21.4 External Evaluation (Using Defect Labels Only for Assessment)

External metrics compare clusters with known classes. This does not make the training supervised; it only checks whether clusters align with practical categories of interest.

  • Purity: proportion of modules assigned to the majority class in each cluster
  • Adjusted Rand Index (ARI): agreement corrected for chance
purity_score <- function(truth, pred) {
    tab <- table(truth, pred)
    sum(apply(tab, 2, max)) / sum(tab)
}

adjusted_rand_index <- function(truth, pred) {
    tab <- table(truth, pred)
    n <- sum(tab)

    a <- rowSums(tab)
    b <- colSums(tab)

    sum_choose <- sum(choose(tab, 2))
    expected <- (sum(choose(a, 2)) * sum(choose(b, 2))) / choose(n, 2)
    max_index <- 0.5 * (sum(choose(a, 2)) + sum(choose(b, 2)))

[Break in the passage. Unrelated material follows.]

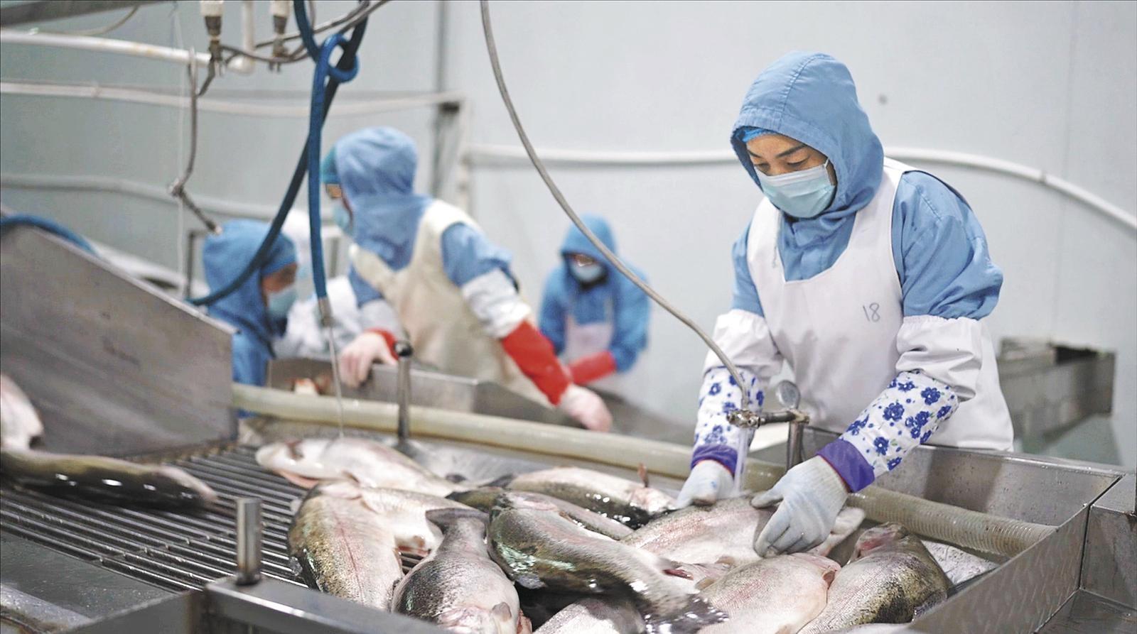 龍洋之鮮的虹鱒魚初級加工線。本報記者 楊燕玲 攝

    denom <- max_index - expected
    if (denom == 0) return(0)

    (sum_choose - expected) / denom
}
# Choose k by best silhouette when available, otherwise k=2 as baseline.
if (all(is.na(internal_tbl$avg_silhouette))) {
    k_best <- 2
} else {
    k_best <- internal_tbl$k[which.max(internal_tbl$avg_silhouette)]
}

km_best <- kmeans(X_scaled, centers = k_best, nstart = 25)

external_tbl <- data.frame(
    k = k_best,
    purity = purity_score(truth, km_best$cluster),
    adjusted_rand_index = adjusted_rand_index(truth, km_best$cluster)
)

external_tbl

21.5 SE Interpretation of the Result

In this context, useful unsupervised evaluation means:

  • Clusters are internally coherent (higher silhouette / CH, lower WSS)
  • Clusters have interpretable engineering meaning
    • for example, one cluster might contain high complexity and size metrics, indicating modules requiring stronger testing effort
  • If external validation is available, non-trivial purity/ARI suggests that structural metric groups are related to defect proneness

This evaluation approach supports practical decisions such as risk-based test prioritization, review allocation, and focused refactoring.

21.6 Important topics often missing

  • cluster stability under resampling (same data, different seeds)
  • sensitivity to feature scaling choices
  • sensitivity to parameter choices (\(k\), eps, MinPts)
  • actionable interpretation quality (can teams act on cluster descriptions?)